American non-profit organization

3GNY (Third Generation New York) is a non-profit organization composed of grandchildren of Holocaust survivors. The mission of the group is to "educate diverse communities about the perils of intolerance and to provide a supportive forum for the descendants of survivors."

3G refers to "Third Generation," a term used to denote grandchildren of Holocaust survivors.

==History==
3GNY was founded in 2005 by Daniel Brooks. The organization began with six people and has since expanded to more than 1,500 members.

==Activities==
3GNY offers programming several times per month that includes "Shabbat dinners, discussion groups, genealogy and writing workshops, museum tours and happy hours." The organization continues to hear directly from the survivors of the Holocaust as well as survivors from other genocides, such as Rwanda and Darfur.

In 2010, 3GNY launched an educational initiative entitled "WEDU" (We Educate), developed in conjunction with Facing History and Ourselves and the American Society for Yad Vashem. The four-week training empowers grandchildren of survivors to learn and compellingly share their family histories and lessons of the Holocaust with the next generation of diverse populations to educate on the perils of intolerance. 3GNY then facilitates speaking opportunities in classrooms, community settings, and corporate diversity, equity, and inclusion programming. Since the initiative's launch, 3GNY has trained more than 500 descendants of survivors, presented in hundreds of classrooms, reaching more than 50,000 students of all ages.

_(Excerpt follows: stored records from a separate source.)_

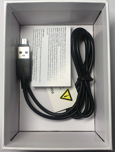Открыв коробку внутри нас встречает компактный и слегка угловатый боксмод, под которым находятся кабель для зарядки и обновления прошивки micro USB и мануал, который поможет разобраться во всех тонкостях и хитростях данного аппарата, но что странно он только на английском языке, хотя всегда инструкции от Eleaf были и на русском.
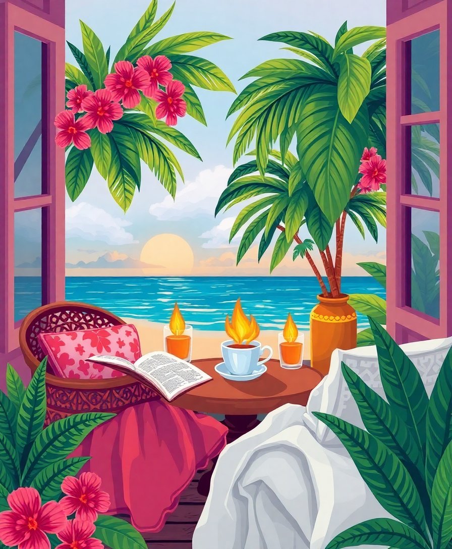The nostalgic combination of tropical elements with cozy teatime memories creates a unique artistic experience. The vintage diary aesthetic adds warmth and character to any space.
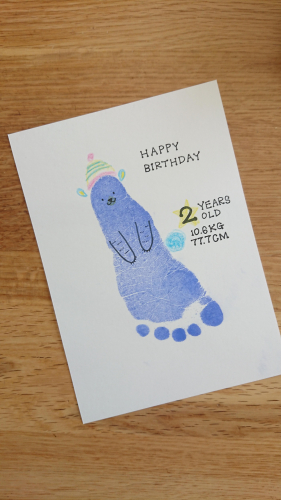 足形が指紋まで綺麗にとれて感動です 自分で足形をとろうとすると、準備が大変なのですが、こちらは煩わしい準備も片付けもなく簡単に、しかも綺麗に形がとれ、大満足です 足形アートを加えて可愛くさせていただきました! 記念の1品になりました
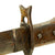 The overall length is about 10 1/2 inches, and unlike most that we have seen, the blade has not been sharpened much or shortened. The unique "CRANK HANDLE" grip is constructed from two steel stampings riveted together, in the typical "Ersatz" (replacement) style of construction. This grip fits the standard Gewehr 98 (GEW 98) Mauser bolt action magazine Rifle carried by German Infantry throughout WW1.
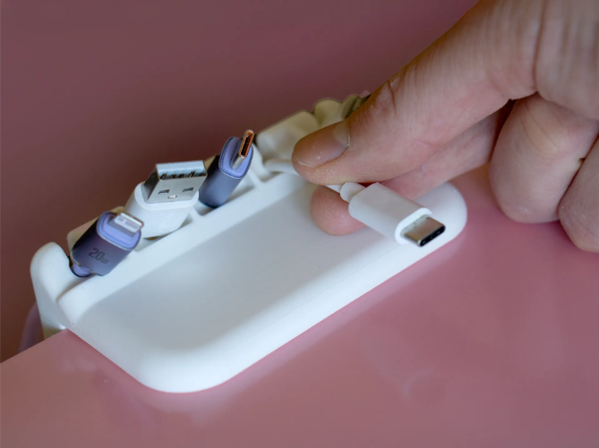 📱 Universal Fit: The flexible slots are designed to hold most common cable types, including USB-C, Lightning, USB-A, and more.
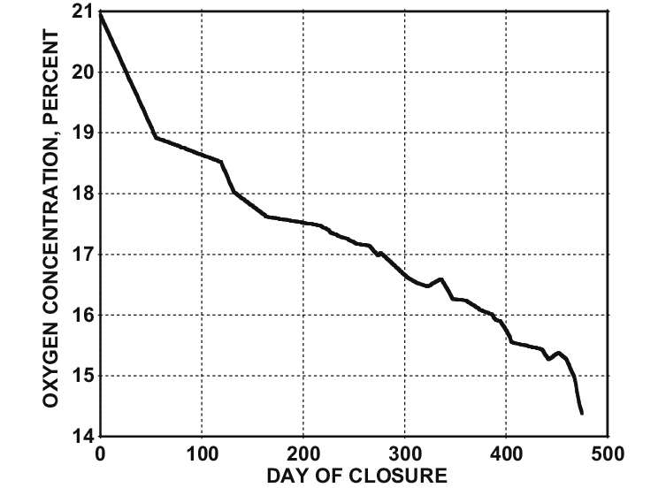“生物圈2号”里氧气浓度的下降曲线。(图片来源:William Dempster)
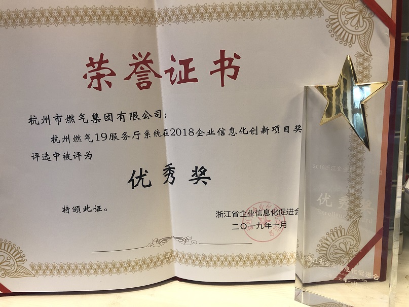 19服务厅系统》荣获2018年浙江企业信息化项目优秀奖。
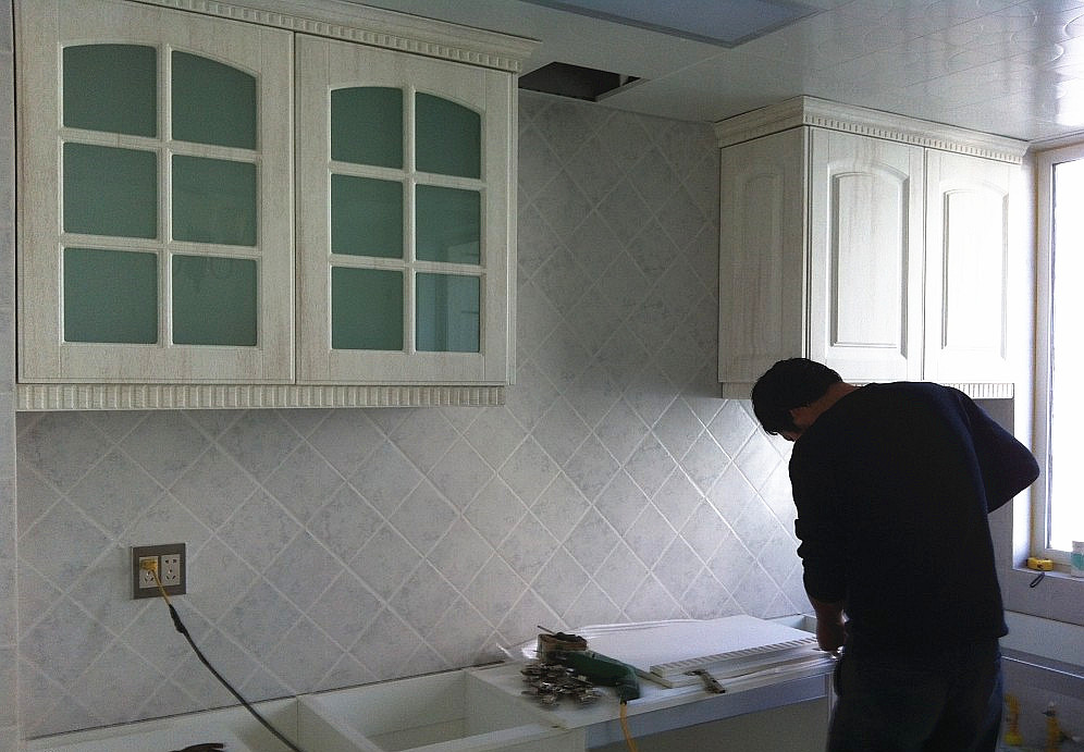 这位帅哥一开始给人感觉很嚣张,后然发现人超好,颜色是内人挑的,不做评论,厨房吊顶是白色的,稍微有点纹路,干净点好。
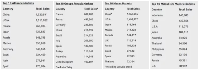 Top 10 thị trường của cả Liên minh, và lần lượt Renault, Nissan, Mitsubishi
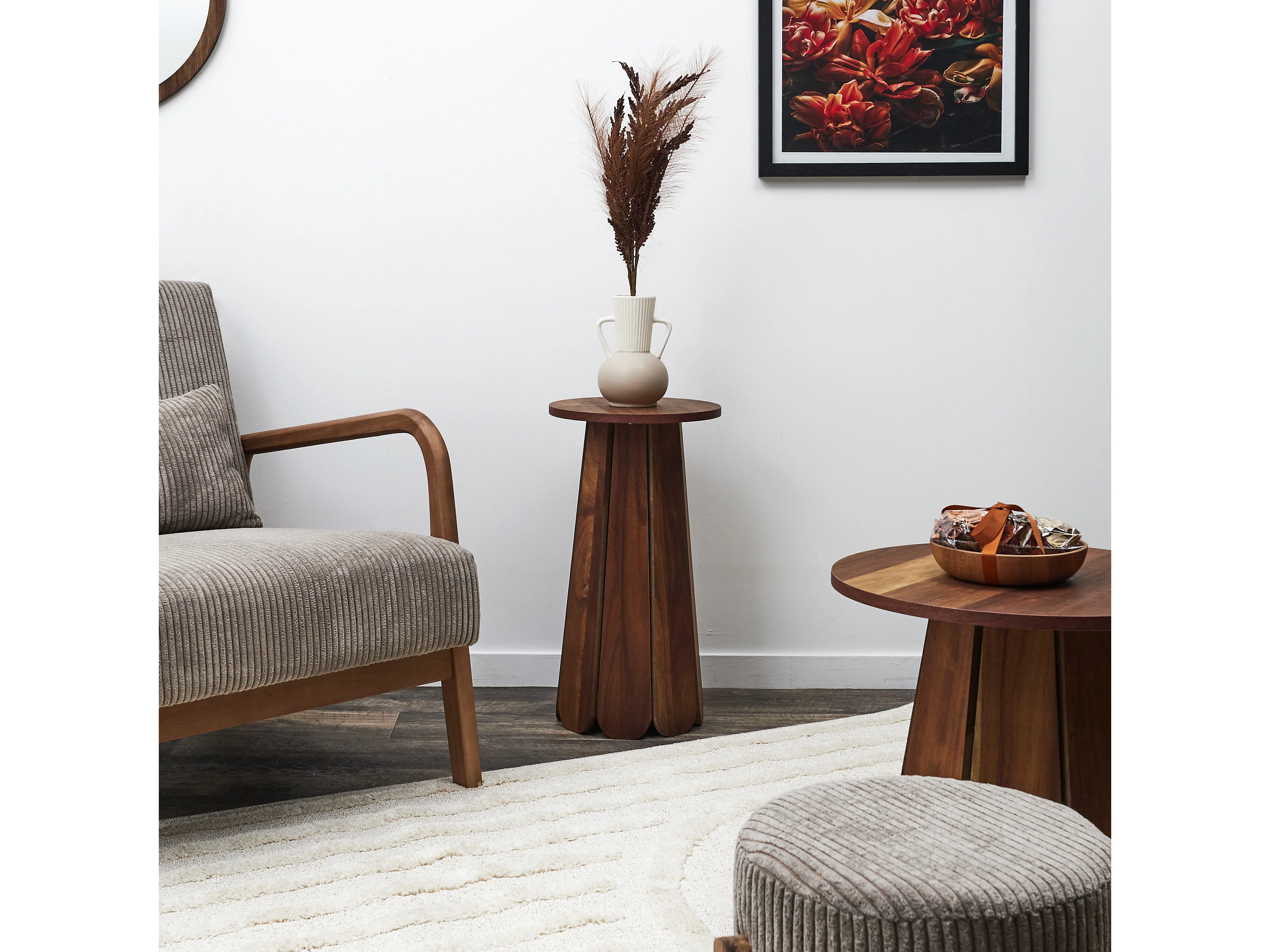 DUBLIN - Table d'appoint Ronde Pied Central Relief MDF Placage Chêne fumé

The New York Times profiled 3GNY in 2010 when Ike Davis, the first baseman for the New York Mets, met with the group. The mother of Davis is Jewish and many of her relatives were murdered in the Holocaust. Davis' great aunt though, survived the Holocaust. Regarding the event with 3GNY, Davis said, "I thought it was really cool meeting with them. These are people around my age who are trying to keep alive the memory of their family members and loved ones, maybe even people they never got to meet, so people never forget what happened."